Modulation of hormone-dependent glucocorticoid receptor function using a tetracycline-regulated expression system.

The glucocorticoid receptor (GR) is a ligand-dependent transcription factor capable of stimulating and inhibiting the expression of target genes. To better understand the biological action of glucocorticoids and the function of GR, we have utilized the tetracycline (Tc)-regulated mammalian expression system to develop a novel cell line, E8.2/GR3, derived from GR null mouse L929 fibroblasts, that exhibits conditional expression of rat GR. The intracellular concentration of rGR in E8.2/GR3 cells--from undetectable levels to levels more than 10-fold greater than that observed in wild-type L929 cells--could be manipulated by varying the Tc concentration in the culture media. Similarly, dexamethasone (DEX)-dependent transactivation of the mouse mammary tumor virus long terminal repeat and transrepression of the cadmium-induced activity of the mouse heme oxygenase-1 gene enhancer, SX2, were strictly dependent on the presence of rGR, and the levels of these activities could be modulated by Tc.
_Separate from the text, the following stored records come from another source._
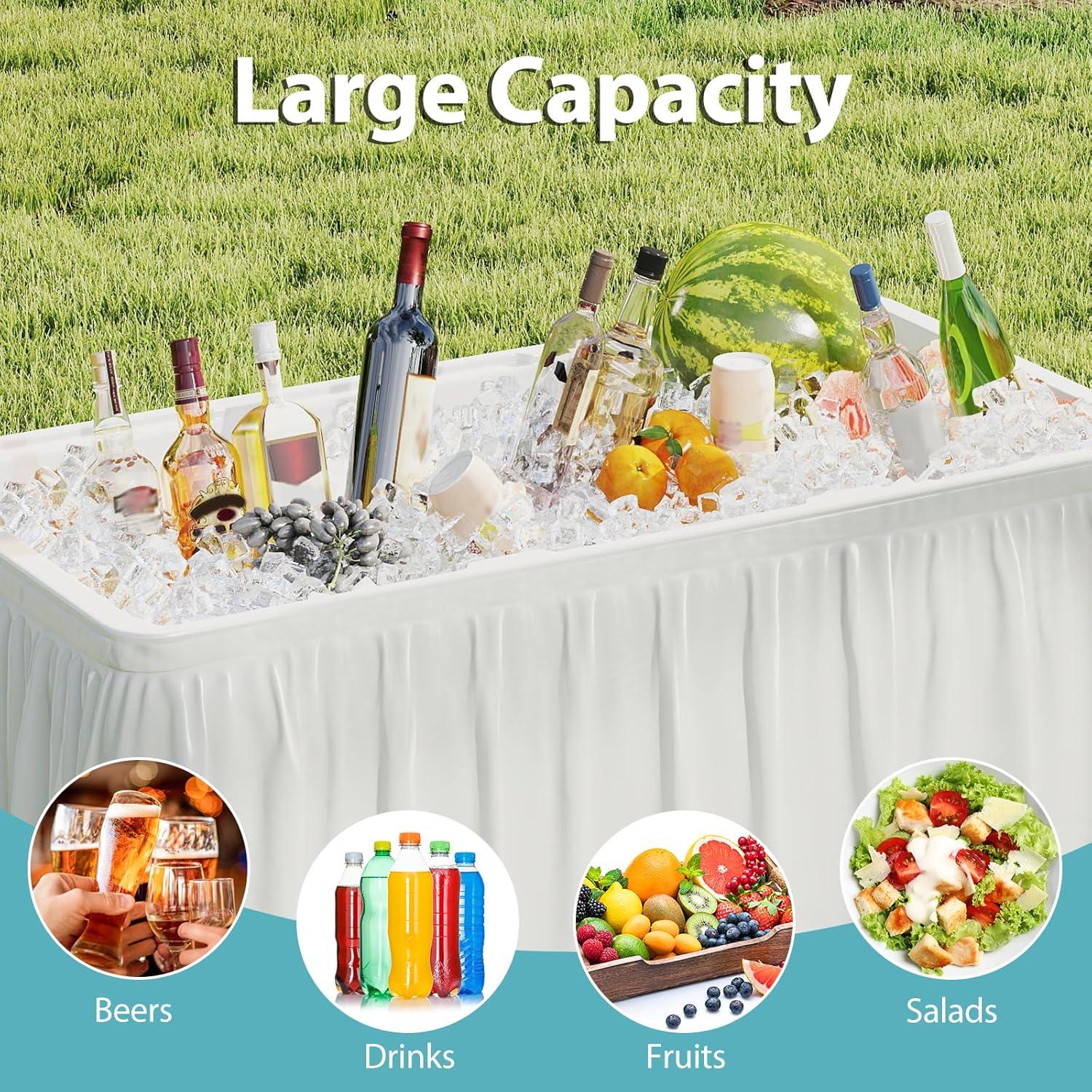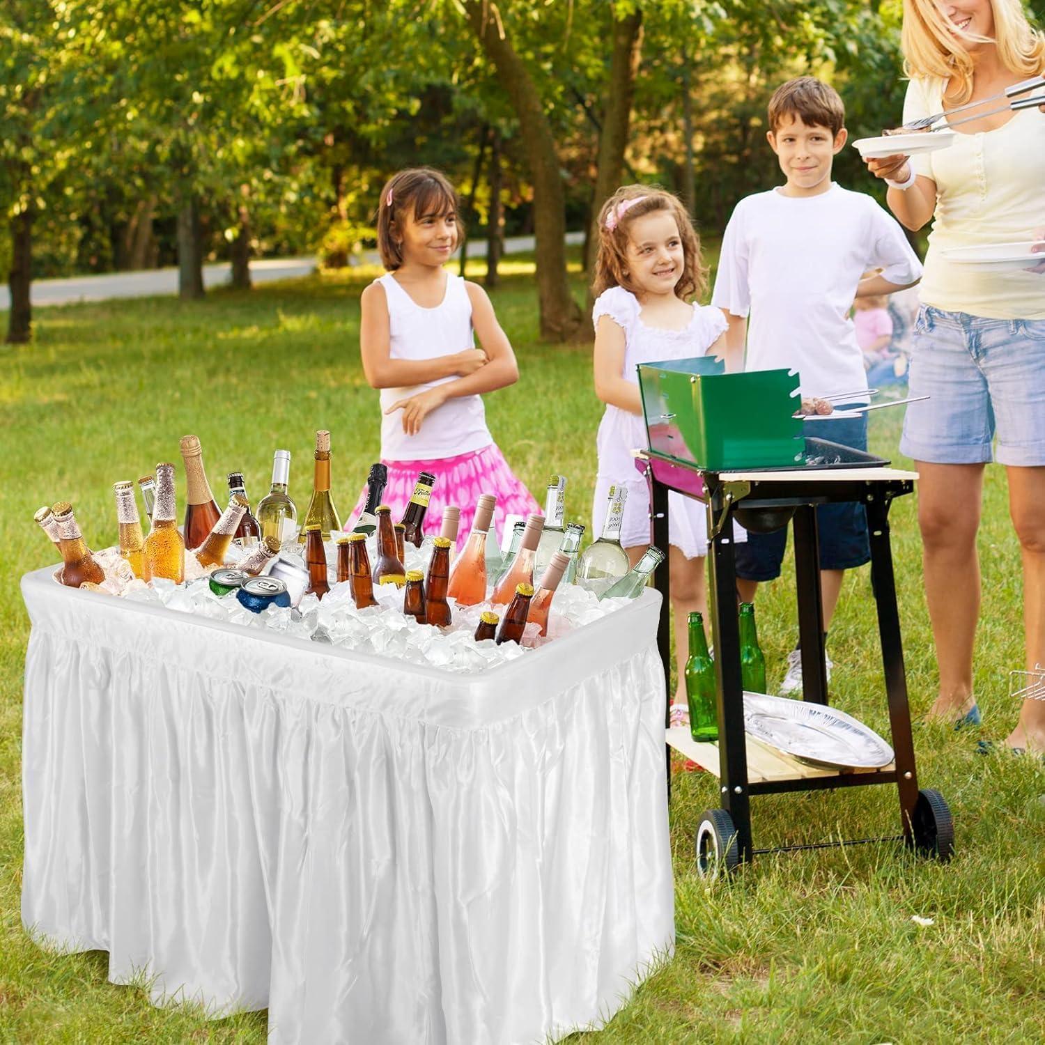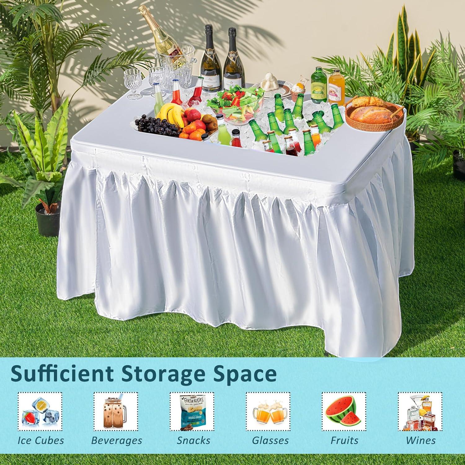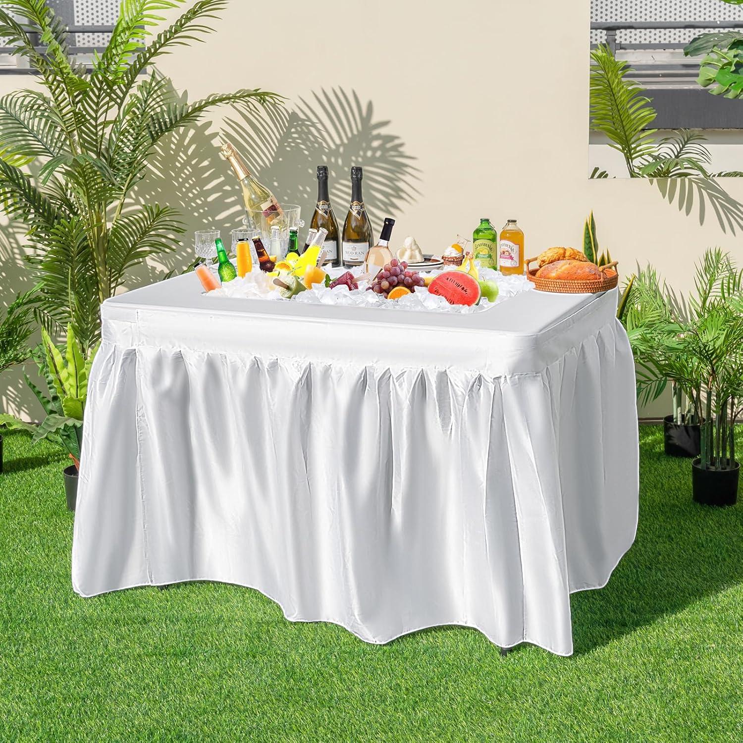 [ Easy Drainage & Extra Skirt ]: Convenient drainage hole and drainage hose help to drain out melted ice when you want to add more ice cubes or chilled beverages. Apart from that, the removable table skirt adds a delicate touch. The lengthened hook and loop fastener helps to fix pleated table skirt into the table.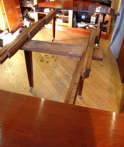 The construction is such that it is the ultimate in versatility being able to be small and round as well as extend to seat a large dinner party, and the legs are not at all intrusive having two centre legs set well towards the middle of the table.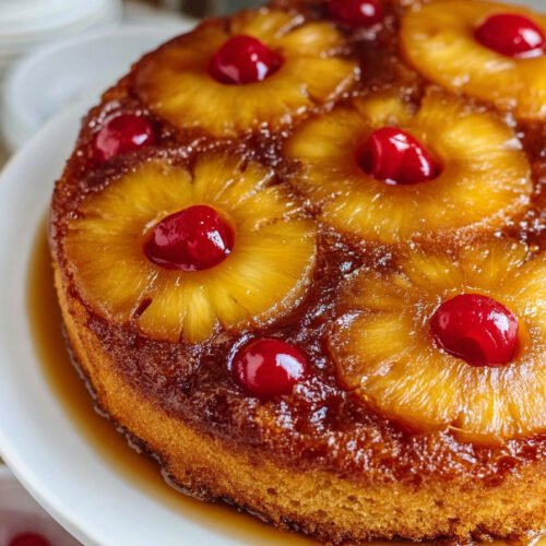 Use room temp eggs and milk. Cold batter slows rise. Warm batter traps air and bakes light. That helps this classic pineapple upside down cake keep a tender crumb under the syrupy crown.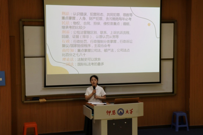 活动伊始,由三位毕业生代表分享法考、考公和考研的备考经验。杨丹结合自身备考情况,为同学们介绍了她备战法考时的经验和方法。陈惠婷则作为考公道路上的一位跋涉者,讲解了她选岗、笔试的备考及面试的技巧。最后,吴闽娇从考研的复习规划、备考策略、应试技巧等方面进行了分享,为同学们提供了宝贵的经验和建议。活动期间,与会同学就分享的内容踊跃提问,毕业生代表们耐心为同学们答疑解惑,现场氛围活跃,反响热烈。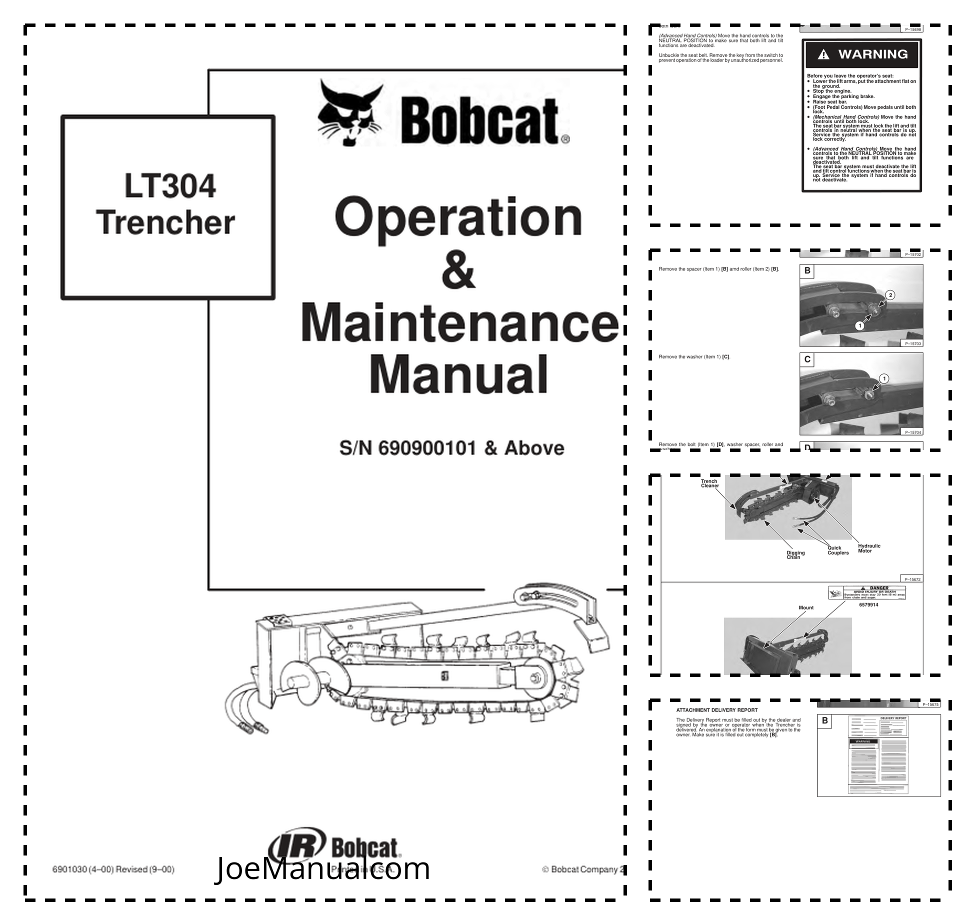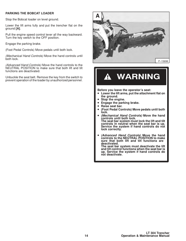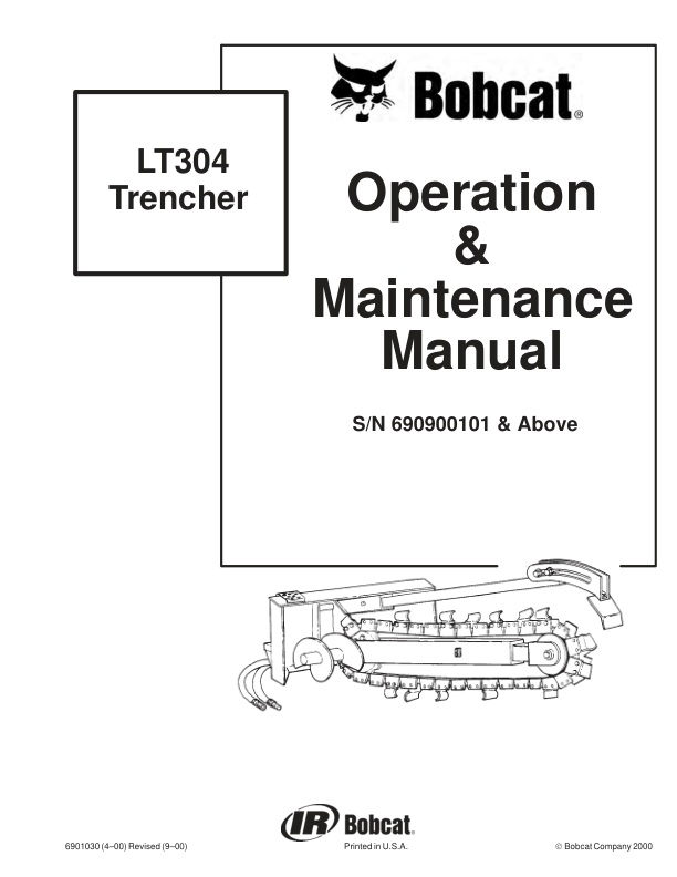 Bobcat LT304 Trencher Operation and Maintenance Manual. This manual provides essential information for the safe and efficient operation and maintenance of the Bobcat LT304 Trencher. It includes detailed instructions, diagrams, and troubleshooting tips to help operators and maintenance personnel keep their equipment running smoothly and reliably. Bobcat LT304 Trencher Operation and Maintenance Manual. A comprehensive guide designed to assist operators and maintenance technicians in the proper use and care of the Bobcat LT304 trencher. This manual contains detailed operating procedures, maintenance schedules, troubleshooting guides, and safety information necessary for optimal performance and longevity of the machine.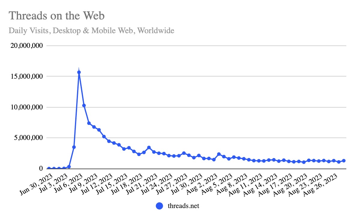 The data comes from digital intelligence firm Similarweb, which has been tracking Threads’ adoption and the subsequent tapering off in usage following the app’s blowout launch, which saw it becoming the fastest app ever to reach 100 million users — a milestone it hit in just five days.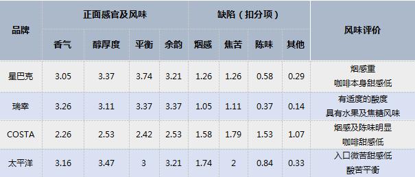而20位咖啡达人对4款美式咖啡的整体风味评价也不尽相同:瑞幸有适度的酸度,具有水果及焦糖风味,接受程度最高;星巴克烟感重,咖啡本身甜感低;COSTA烟感及陈味明显,酸酐较强,咖啡甜感低;太平洋入口微苦甜感低,酸苦较平衡。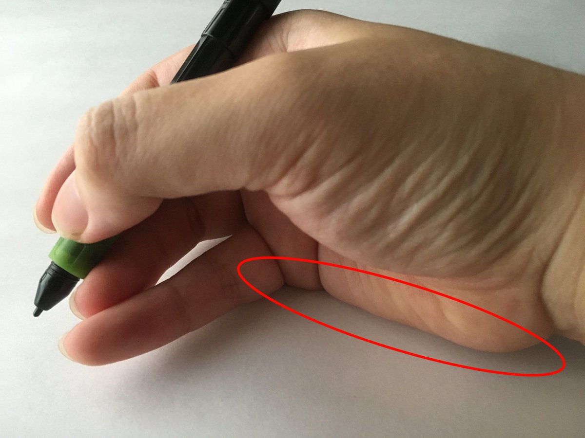 画像のように赤い部分を接地させて描いている人は、ペン先の浮かせ量が 恐らく小さいので、筆圧カーブを設定していないと「ハネ」が出やすいかもしれません。※事実私がそうであるように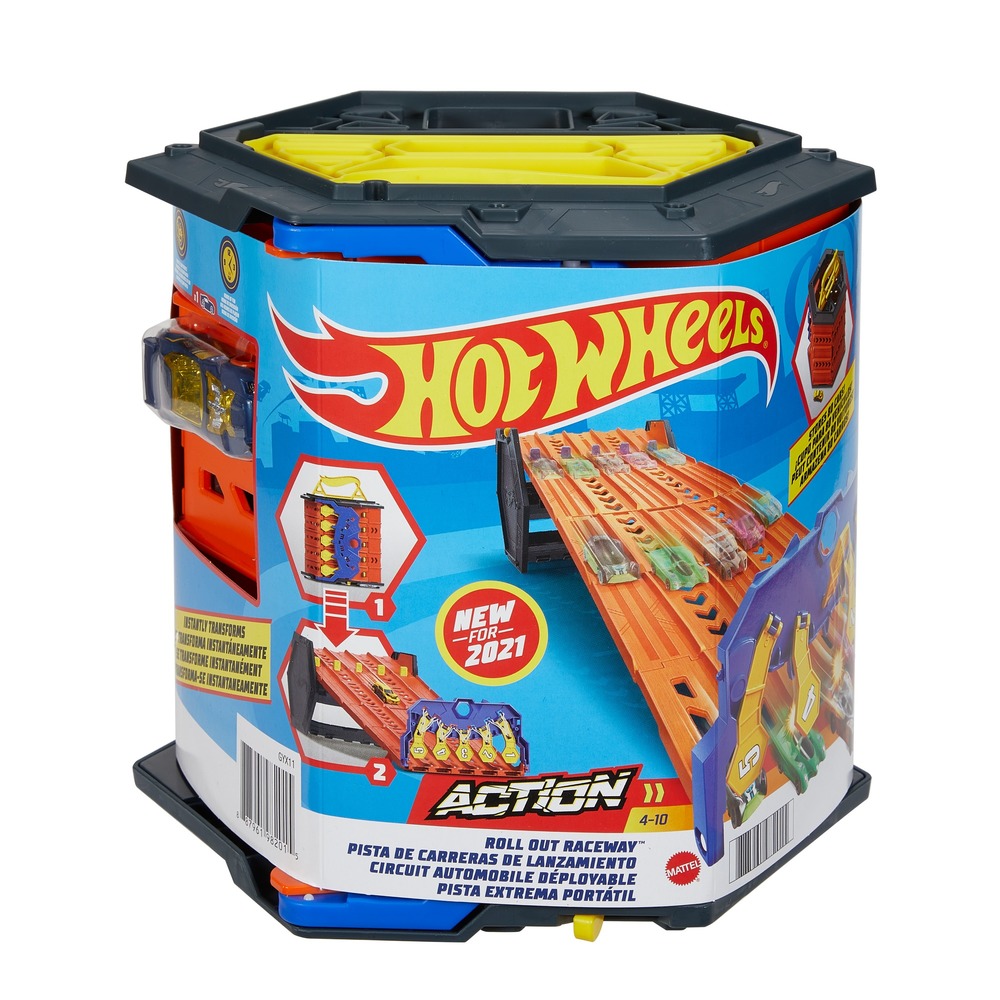 Трек "Перегони" Hot Wheels - це неймовірно крутий набір, який ідеально підходить не лише для видовищних перегонів, а й для зручного зберігання машинок! У складеному вигляді трек "Перегони" Hot Wheels виконує функцію зручного портативного контейнера для зберігання, у якому поміщається до 80 базових машинок і 5 елементів треку. Однак якщо його розкласти, утвориться трек із 5 трасами, на якому можна влаштовувати перегони відразу декількох машинок.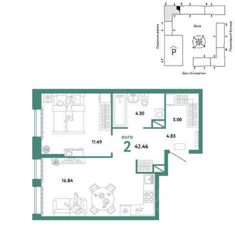 4-этажный дом. Архитекторы проекта: итальянское архитектурное бюро R+S. В квартирах: панорамные окна высотой от 2,4 м. Кладовая в подарок с каждой квартирой. На первых этажах зданий расположены квартиры с террасами, на верхних этажах — видовые пентхаусы. Система умного доступа в подъезды. В лобби: комнаты для хранения колясок и велосипедов и даже мойки для лап домашних питомцев.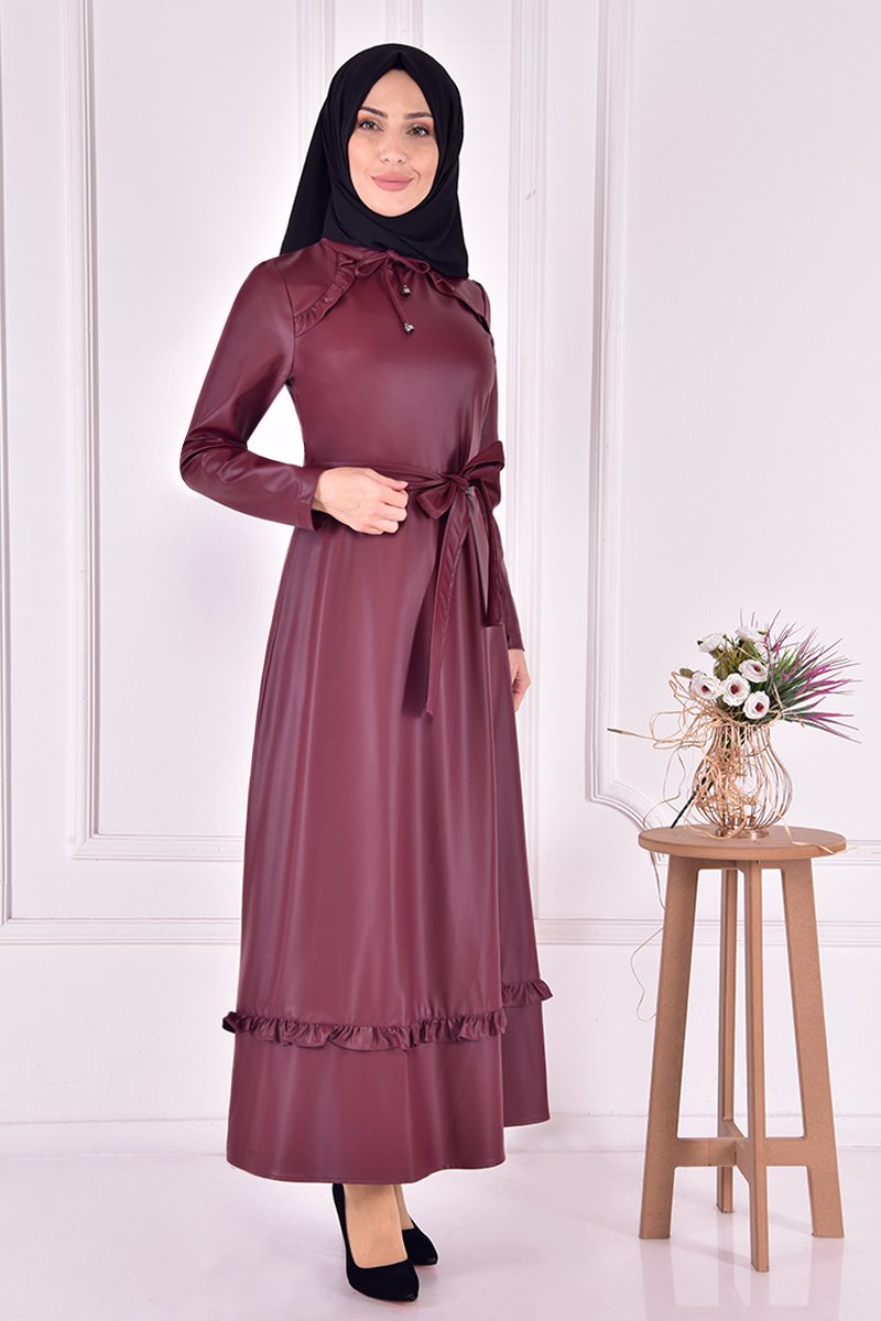 Moda Merve Bordo Deri Elbise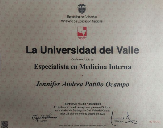 Soy médica de la U. de Caldas, especialista en medicina interna de la Universidad del Valle, dedicada a la atención del adulto, desde la prevención de la enfermedad, hasta el diagnóstico preciso y tratamiento de patologías tanto raras como frecuentes en la población, aplicando la evidencia científica disponible.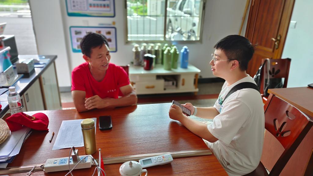 蔡帅楠:我们再访“初心”之路,追寻习近平总书记在白沙村的足迹;宣讲省第十五次党代会精神,把握时代脉搏;依托新媒体帮助当地宣传推广,将所学理论付诸实践。在此期间,虽然连续顶着40℃的大太阳,虽然嘴边一直挂着“太累了,走不动了……”,但是没有一人放弃,大家用自己的双脚、双手完成一个个任务,这也是我们需要坚守的初心。

Similar levels of Tc, and thus rGR, were required for half-maximal transactivation and transrepression whereas a 6-fold lower concentration of DEX was required for half-maximal transrepression than for transactivation. RU486 inhibited both DEX-dependent transactivation and transrepression. DEX decreased the steady-state level of rGR mRNA and protein in a Tc dependent manner. DEX also induced morphological changes in E8.2/GR3 cells that were dependent on rGR as no alterations were observed in the presence of Tc. These cells provide a powerful system for examining the various activities of GR, particularly as a function of different intracellular receptor concentrations.